We have had occasion heretofore to observe that the granting or withholding of a preliminary injunction rests largely within the sound discretion of the trial court, and its interlocutory order will not be set aside on an appeal, unless that court has erred in applying the legal principles which should have guided it in the consideration of the case as it appeared to the trial judge. When a bill is presented asserting claims involving grave questions of law and disputed issues of fact, which the court must decide before rendering a final decree, it is within the sound judicial discretion of the trial court to preserve the existing status until the case is finally decided, whenever that course is necessary to fully protect the plaintiff, or to sustain the jurisdiction of the court. Especially is this true in cases where the defendant can be fully protected against any loss by the court’s requiring of the plaintiff a proper and adequate bond. Kerr v. City of New Orleans, 126 Fed. 920, 61 C. C. A. 450; Massie v. Buck, 128 Fed. 27, 62 C. C. A. 535.

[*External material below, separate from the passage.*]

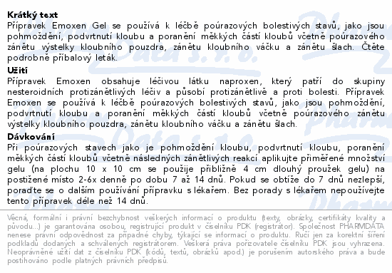 Přípravek Emoxen Gel se používá k léčbě poúrazových bolestivých stavů, jako jsou pohmoždění, podvrtnutí kloubu a poranění měkkých částí kloubů včetně poúrazového zánětu výstelky kloubního pouzdra, zánětu kloubního váčku a zánětu šlach. Čtěte pozorně příbalový leták.

The case as made by the bill, and the interlocutory decree from which the appeal is taken, is not a suit or judgment against the state of Louisiana, within the meaning of the eleventh amendment to the Constitution. Smyth v. Ames, supra; Prout v. Starr, 188 U. S. 544, 23 Sup. Ct. 398, 47 L. Ed. 584. An injunction to sustain the jurisdiction of a court already rightfully acquired and held-is not forbidden by section 720 of the United States Statutes [U. S. Comp. St. 1901, p. 581], This is so well settled as to have become elementary.
We find no error in the action of the judge of the Circuit Court for which the decree appealed from should be set aside. It is therefore affirmed.